QUICKIES

Rocket Park celebrates the release of a new CD, as do Linda Gaal and the Six Senses

Sep 15, 1999 at 4:00 am
It's a dangerous thing, having the keyboard player stand front-and-center onstage while performing. That physical barrier between player and audience often provides enough fleeting confidence to nudge him or her way over the top when doing the dance/rock-star thing. Often the results of such unbridled enthusiasm prove unwatchable. Alas, such is the case with Rocket Park, and the sight tends to blind the audience to the merits of the band, which, surprisingly, are plenty on their debut CD, the release of which they're celebrating at the Way Out Club on Friday, Sept. 17. The CD, called Teenage Folklore and showcasing the band's love of pure pop, punk, glam- and prog-rock and the combination thereof, along with the confidence to get fancy with them, is pretty impressive for a debut release. Guitars, drum loops, percussion, keyboards, drums, bass, pretty harmonies, etc., merge smoothly, and over the course of the album, the band repeatedly pulls out engaging ideas. Kudos, again, to Mike Martin at the Broom Factory for an excellent recording job; Teenage Folklore sounds incredible.
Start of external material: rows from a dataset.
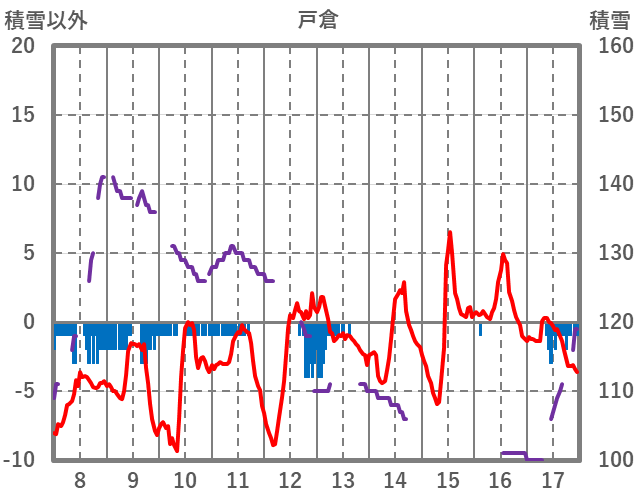 | 日 | 時 | 気温 | 降水 | 風向/風速 | 日照 | 積雪 | 降雪 |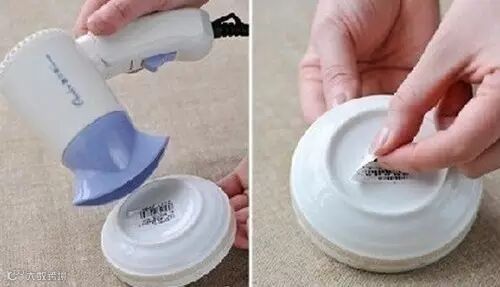 餐具上的不干胶没法揭干净?用吹风机对准标签的位置吹,质量稍好的不干胶条,很容易就撕下来了。如果,表面还沾有粘粘的胶,就用手里撕掉的标签反复粘到胶上,没几次胶就会被标签粘下来了,这个方法比较适合优质的胶,如果是劣质的,效果不理想。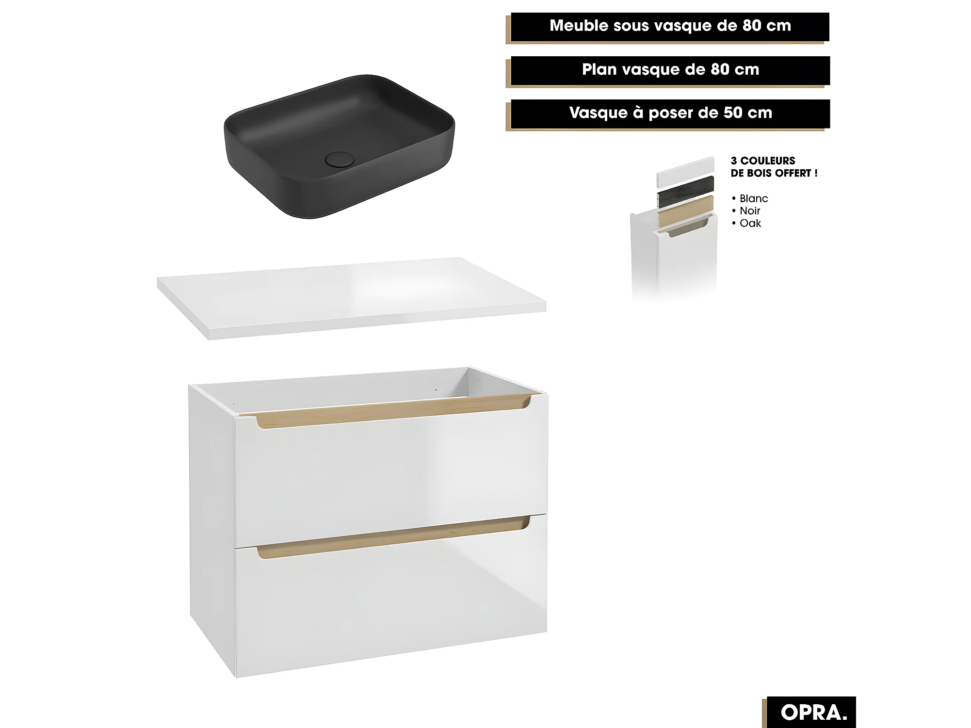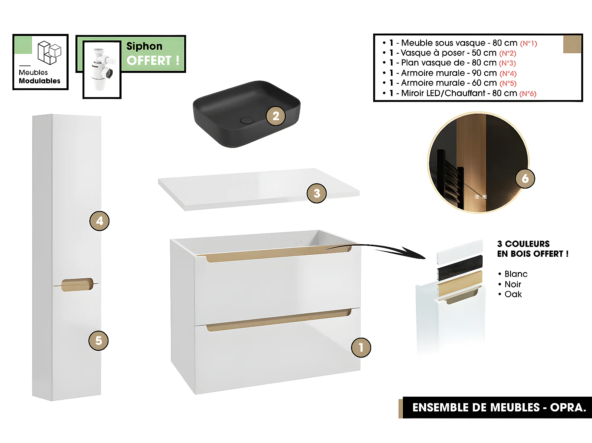 Ensemble complet de salle de bain - Meuble - Plan - Armoires - Miroir - Vasque à poser avec Siphon OFFERT | OPRA | 80 x 60 x 45 cm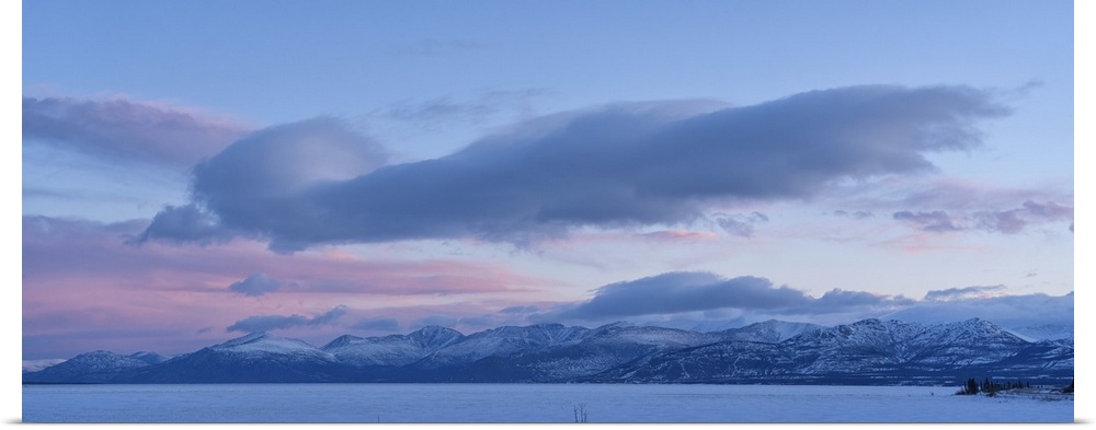 <p>Beautiful sky over Kluane Lake as sunlight illuminates the clouds above the frozen water. A peaceful and serene scene from the Yukon, Haines Junction, Yukon, Canada</p>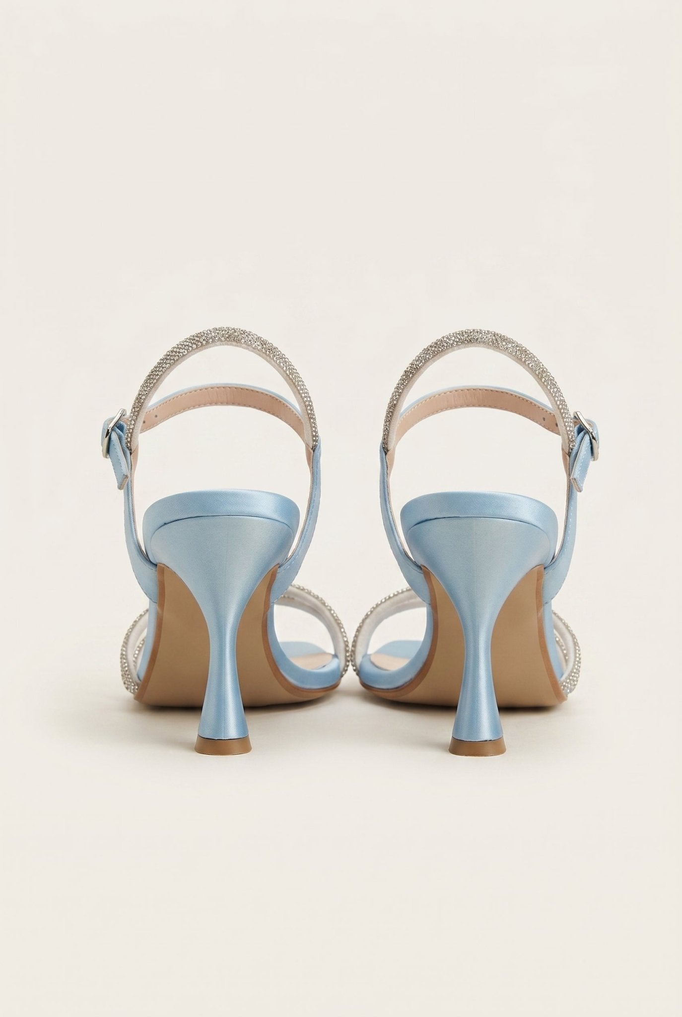 Πέδιλα με τακούνι και λουράκια με στρας - Απαλό Μπλε σατέν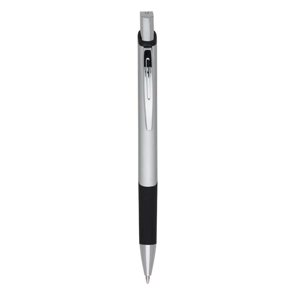 Caneta metálica com design quadrangular, acabamento brilhante (exceto a prata) e detalhe emborrachado, carga esferográfica azul 1.0 mm e acionamento por clique.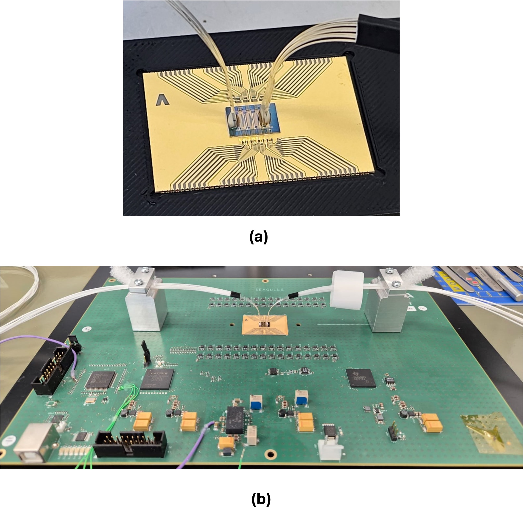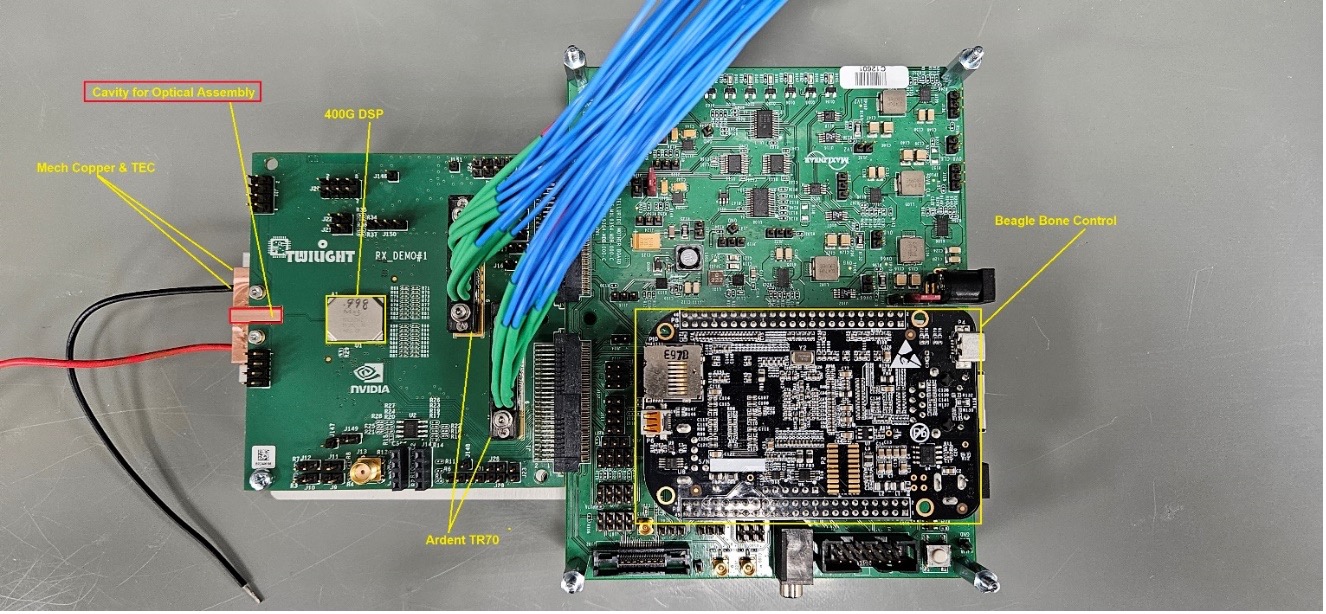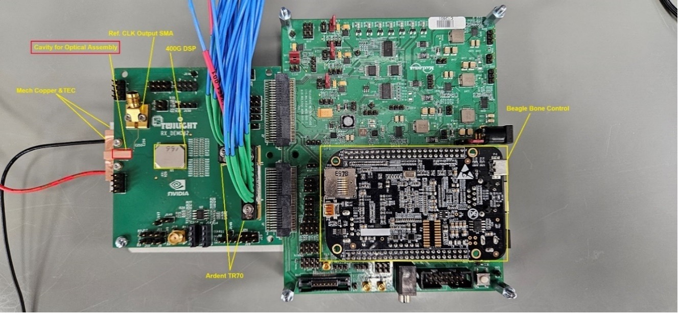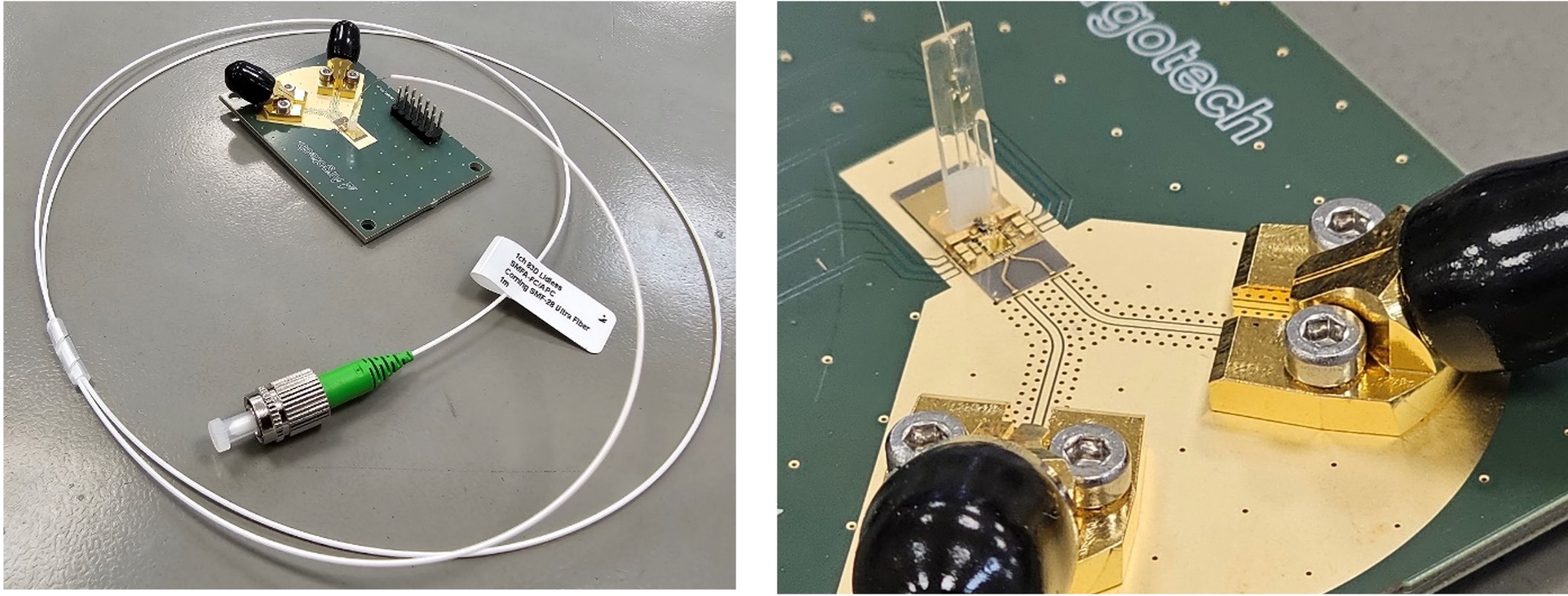 WP5: TWILIGHT has achieved one of its most challenging and innovative milestones which is the development and validation of a significantly improved process flow for the co-integration of photonics and electronics components at wafer scale and for the first time for InP-to-InP technologies (Figure 7). Multiple co-integration tests were performed based on dedicated wafers of InP membranes and InP DHBTs to define the max temperatures and strain tolerated by the DHBTs. Post bonding alignment tests relying on soft-baked anchors achieved very high alignment accuracy (~ 2μm). Thermal studies for the co-integrated optoelectronic structure were carried out. RF Interconnection of photonics and electronics components was realized based on ultra-short vias minimizing parasitics. The developed process flow was validated by means of active dedicated wafers (Figure 8). Furthermore, the ceramics interposers for assembly of the optoelectronic chips were designed and fabricated. Further assembly was performed on the host PCB which was designed and developed to carry also the driving and control electronics and the DSP chip. Two variations of receiver modules were delivered on evaluation board suitable for testing with external test and measurement laboratory equipment (Figure 9 and Figure 10). The corresponding receiver PCBAs were prepared and tested (Figure 11 and Figure 12). Finally, the 8x8 switch modules were fully assembled on PCBA and tested (Figure 13).

If you're looking for middle-of-the-road pop, packaged to sell with a solid sound and that crispy, overcondensed production, you could do worse than Linda Gaal and the Six Senses' debut release, So ... You Think You Know Me ... You may recognize Gaal from her stints with the cover bands the UltraViolets and SQuiNT (who, as a cover band, leap decades and genres in a single bound, covering Bob Marley's "One Love," Poison's "Talk Dirty to Me," Alanis Morissette's (gak!) "Hand in My Pocket" and Ricky Martin's "Livin' La Vida Loca"). Gaal's got some hefty vocal cords that can take on the hits with precision and, er, blind dignity, and she transfers this ability into her own songs. Of course, if you despise the current fare being played on the radio, you'll no doubt find their debut equally uninhabitable, for this hits smack-dab in the middle of the road. The band celebrates the release of the album at the Hi-Pointe on Friday, Sept. 17.